Décentralisation, État et territoires
Les Cahiers français nous offrent, dans ce numéro de janvier-février 2004, une série de treize articles, rédigés par des universitaires et chercheurs, et structurés autour de trois thématiques : « Un nouveau processus de décentralisation », « Territoires et nouvelles compétences » et « Les enjeux de la réforme ». Alors que la relance du processus de décentralisation constitue un axe fort annoncé par le gouvernement, il paraissait important, cinq ans après le no 293 de 1999 consacré aux collectivités territoriales, de dresser un bilan de la première phase de la décentralisation, et d’analyser les réformes en cours.
Des idées reçues bousculées
Même si la lecture se révèle parfois ardue (les articles sur la fiscalité locale et sa nécessaire, mais complexe et toujours retardée, réforme), il n’en reste pas moins que nombre d’idées reçues sont bousculées. Une rupture a-t-elle eu lieu lors des réformes de 1982-1983 ? Non, car la décentralisation française s’est opérée en respectant l’organisation territoriale antécédente, et sans réforme des structures. D’où cette question : « Est-il pertinent de transférer des compétences à des collectivités qui ne disposent pas de la taille critique, c’est-à-dire des moyens, pour les exercer ? »
Autre lecture stimulante, celle de l’article sur les interventions économiques des collectivités locales. Nous constatons tous l’empressement des communes à créer des zones d’activités et des aides directes ou indirectes pour les entreprises… Or, « une enquête […] a montré que les décisions d’implantation reposaient le plus souvent sur l’existence de liens antérieurs avec le territoire, qu’il s’agisse de liens familiaux ou amicaux du dirigeant d’entreprise, ou plus classiquement de la présence d’un client ou d’un fournisseur. La plupart des études montrent que les facilités financières n’interviennent qu’en dernier dans le choix de localisation d’une entreprise… »
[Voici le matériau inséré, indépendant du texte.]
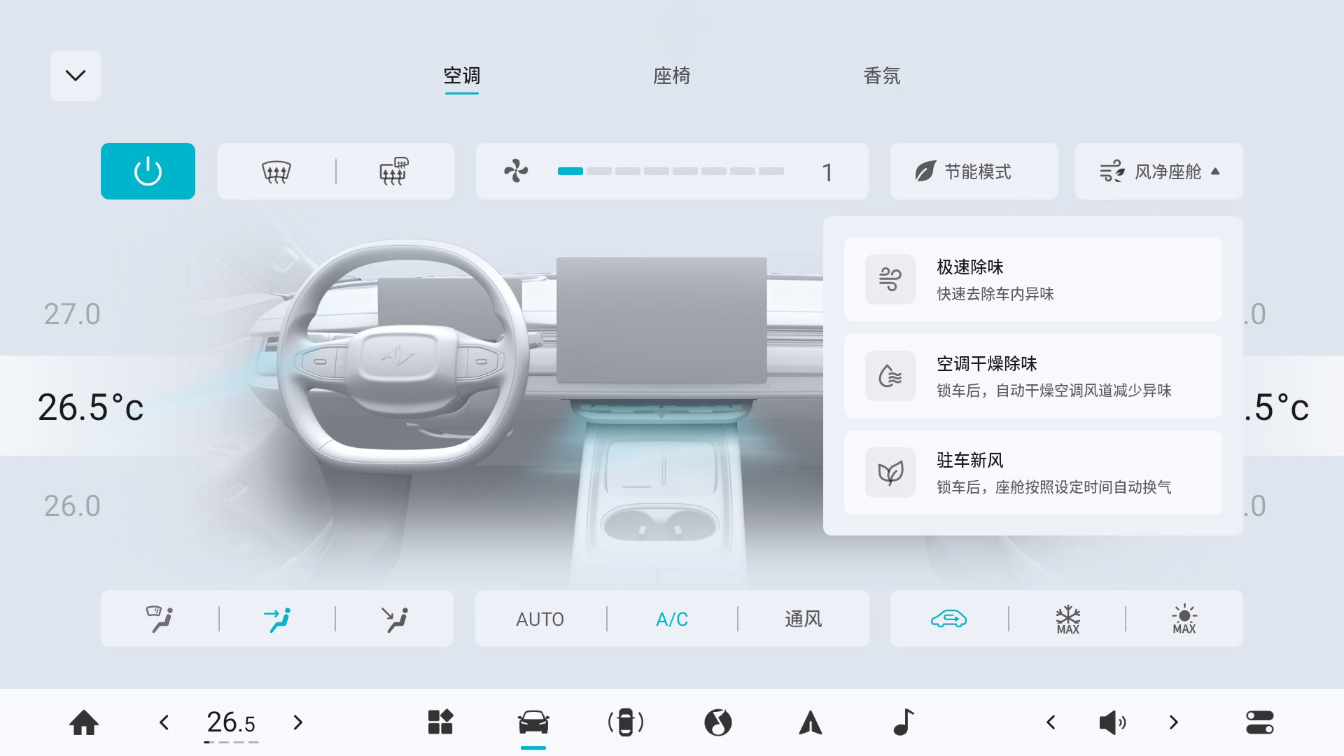 此次升级,全系车型还升级风净座舱2.0功能,通过四大模式打造健康舒适的车内空间。“极速去味”可在车内突发重度异味时,进行30秒换气,保持车内清洁;“驻车新风”可在预设时间自动换气,告别开门异味;“空调干燥除味”可在每次使用空调后自动烘干蒸发器和风道,避免异味产生;“高温抑菌”则通过开启空调高温内循环,降低病菌传播风险,守护家人健康。

Des contradictions relevées
Nombre de contradictions sont également relevées : telle celle entre le principe de libre administration toujours vécu par les élus comme lié au financement par l’impôt local et une série de mesures prises par l’État depuis 1993 (par exemple, la suppression de la vignette automobile en 2001 a entraîné une baisse de près de 10 % des recettes fiscales des départements). Ces mesures privent les collectivités locales « de leur pouvoir de décision sur une fraction croissante de leurs ressources propres (atteinte à leur capacité juridique en matière fiscale) : le remplacement de ces recettes fiscales supprimées par des compensations financières d’origine étatique place les collectivités en situation de dépendance financière accrue vis-à-vis de l’État (atteinte à leur indépendance matérielle) ».
Les inégalités territoriales sont relevées dans l’ensemble des articles. N’en prenons pour exemple que l’accès aux fonds européens : « Dans la plupart des cas, ce sont les territoires politiquement forts qui arrivent à dominer la mise en œuvre des fonds structurels, et ces derniers, loin de favoriser l’objectif affiché de la cohésion économique et sociale en Europe, […] tendent à creuser le fossé qui sépare les régions fortes et les régions faibles. »
Quel avenir pour la fonction publique territoriale ?
Enfin, si l’on parle bien peu de culture dans ces pages, les bibliothécaires pourront trouver un sujet plus proche de leurs préoccupations avec l’article intitulé « Quel avenir pour la fonction publique territoriale ? », qui, certes, n’apporte pas de solution aux problèmes connus par tous, (inadéquation des contenus des concours, carences de la formation initiale d’application…), mais a le mérite de présenter en six pages un résumé de la situation et des différentes pistes de réformes énoncées par les uns ou par les autres (rapport de Jean Courtial sur les institutions de la FPT en 2003, positions de l’Assemblée des maires de France, rapport rédigé à la demande du Sénat en 2003 également, Refonder le statut de la fonction publique territoriale pour réussir la décentralisation…).